The task >>
Look through the data below and output, unchanged, every line from the one holding "Pero, conceptualismos aparte" through the one holding "Felix & Flora", inclusive. Skip the pictures.

Material provided >>
· · · · ·
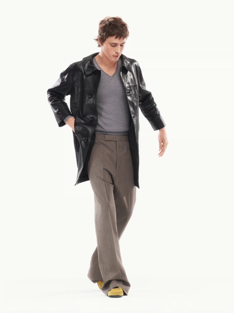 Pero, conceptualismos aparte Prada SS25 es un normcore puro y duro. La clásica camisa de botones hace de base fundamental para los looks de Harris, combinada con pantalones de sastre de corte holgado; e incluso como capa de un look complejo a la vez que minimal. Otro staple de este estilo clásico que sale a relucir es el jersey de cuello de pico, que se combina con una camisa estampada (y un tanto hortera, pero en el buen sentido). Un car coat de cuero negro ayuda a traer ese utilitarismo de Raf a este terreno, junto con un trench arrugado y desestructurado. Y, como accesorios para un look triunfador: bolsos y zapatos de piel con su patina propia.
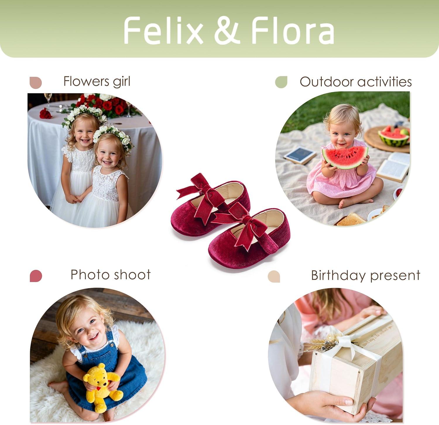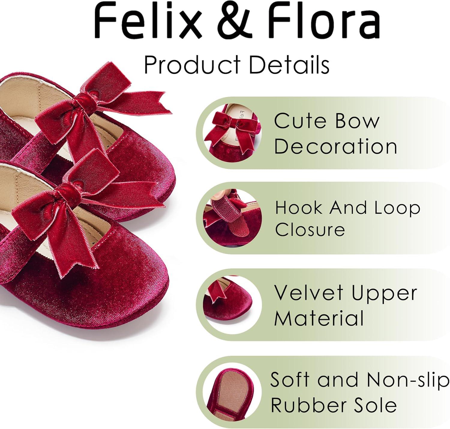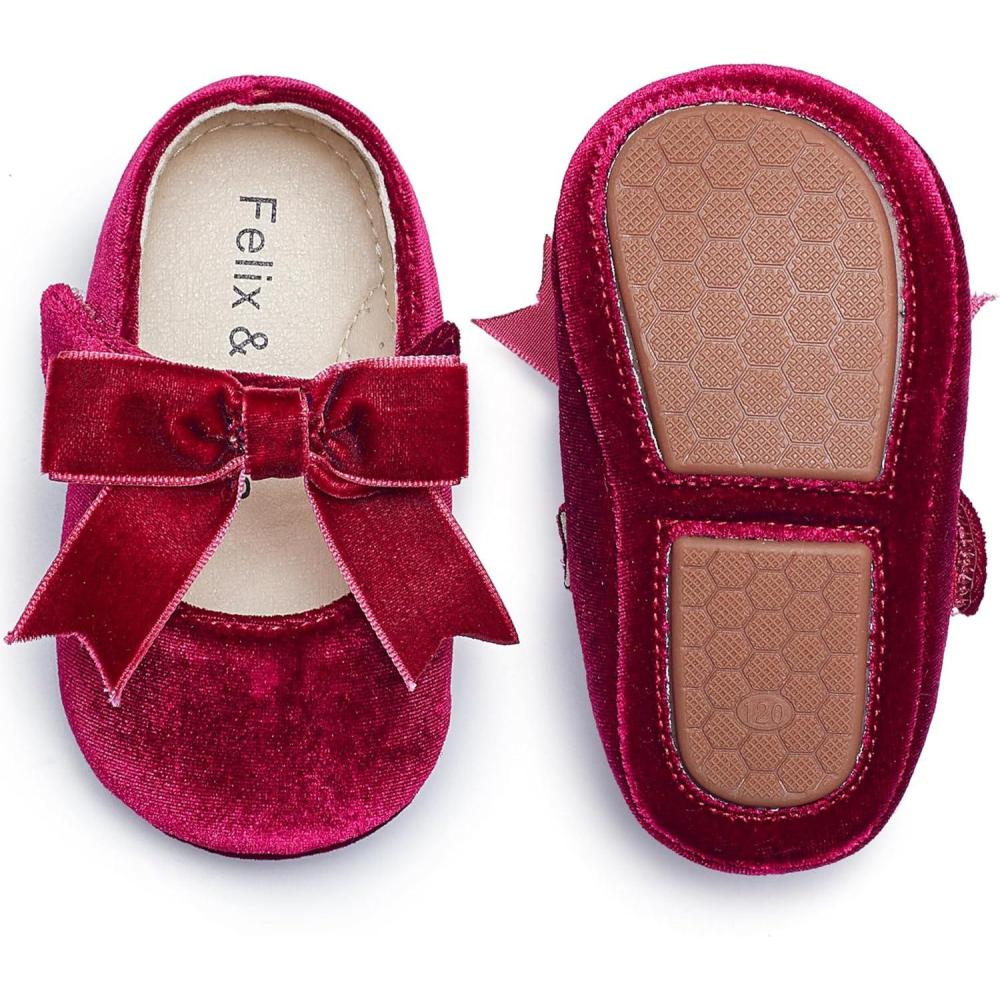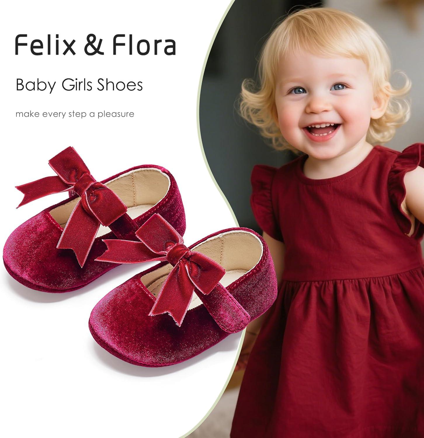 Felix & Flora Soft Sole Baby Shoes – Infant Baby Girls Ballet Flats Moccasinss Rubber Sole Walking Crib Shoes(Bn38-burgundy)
· · · · ·
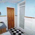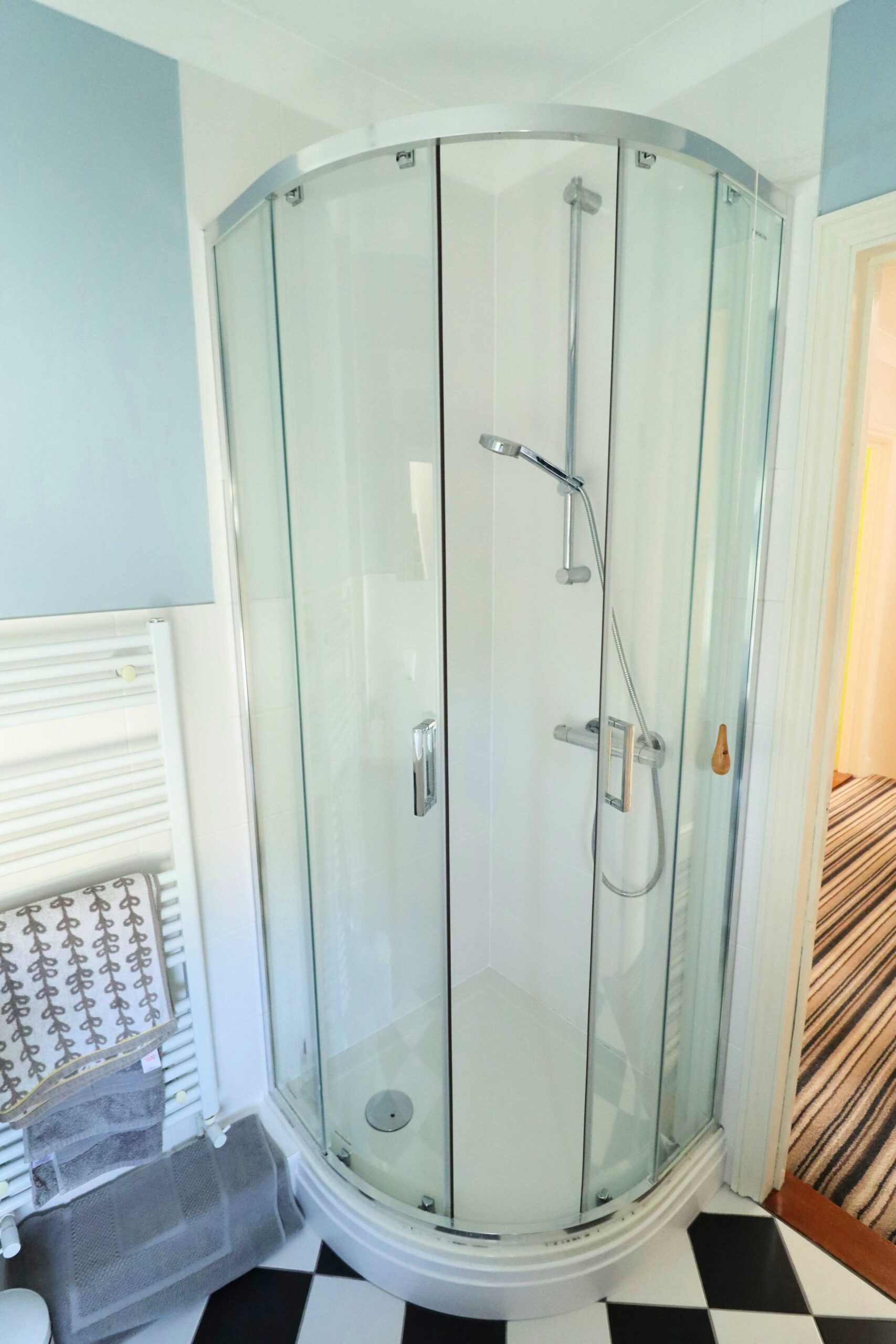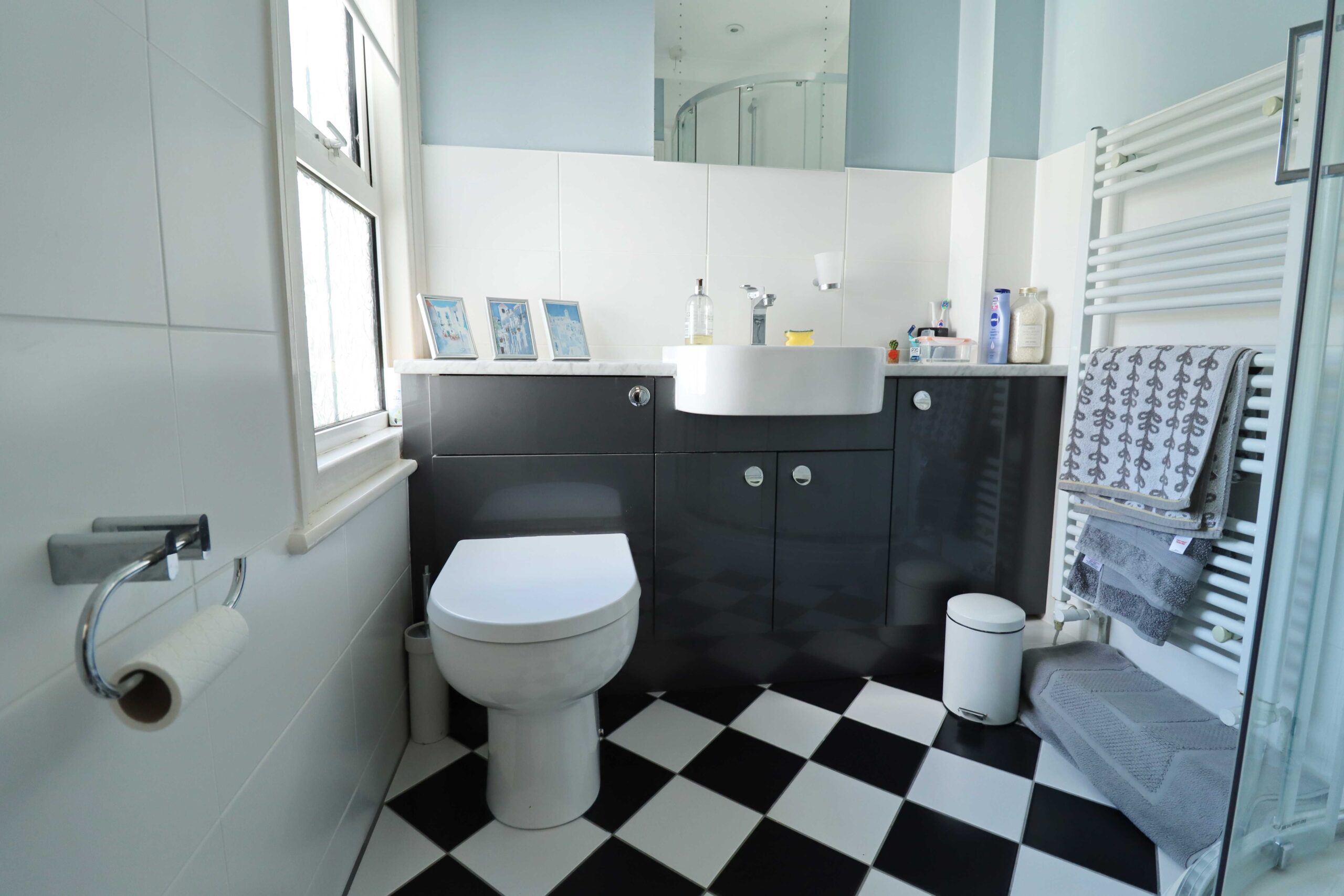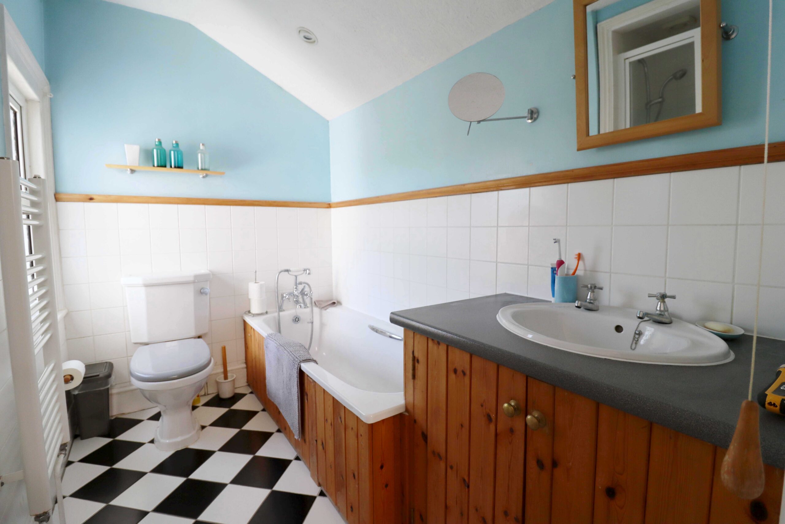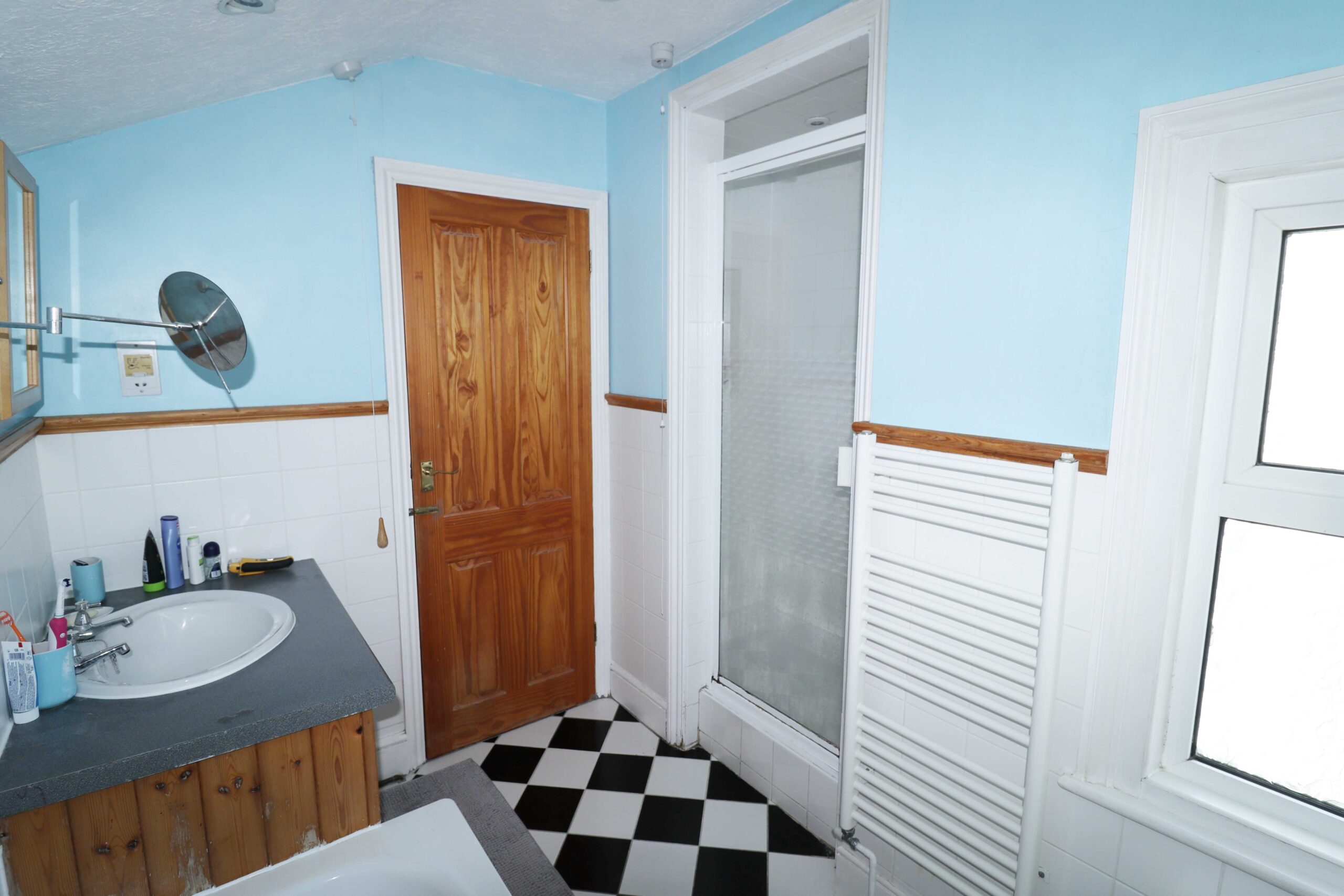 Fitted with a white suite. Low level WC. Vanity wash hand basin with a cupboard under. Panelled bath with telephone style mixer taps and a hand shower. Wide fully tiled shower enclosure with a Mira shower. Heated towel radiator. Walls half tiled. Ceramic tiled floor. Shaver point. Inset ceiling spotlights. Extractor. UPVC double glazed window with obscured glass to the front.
· · · · ·
Reply to the exercise >>
 Pero, conceptualismos aparte Prada SS25 es un normcore puro y duro. La clásica camisa de botones hace de base fundamental para los looks de Harris, combinada con pantalones de sastre de corte holgado; e incluso como capa de un look complejo a la vez que minimal. Otro staple de este estilo clásico que sale a relucir es el jersey de cuello de pico, que se combina con una camisa estampada (y un tanto hortera, pero en el buen sentido). Un car coat de cuero negro ayuda a traer ese utilitarismo de Raf a este terreno, junto con un trench arrugado y desestructurado. Y, como accesorios para un look triunfador: bolsos y zapatos de piel con su patina propia.
 Felix & Flora Soft Sole Baby Shoes – Infant Baby Girls Ballet Flats Moccasinss Rubber Sole Walking Crib Shoes(Bn38-burgundy)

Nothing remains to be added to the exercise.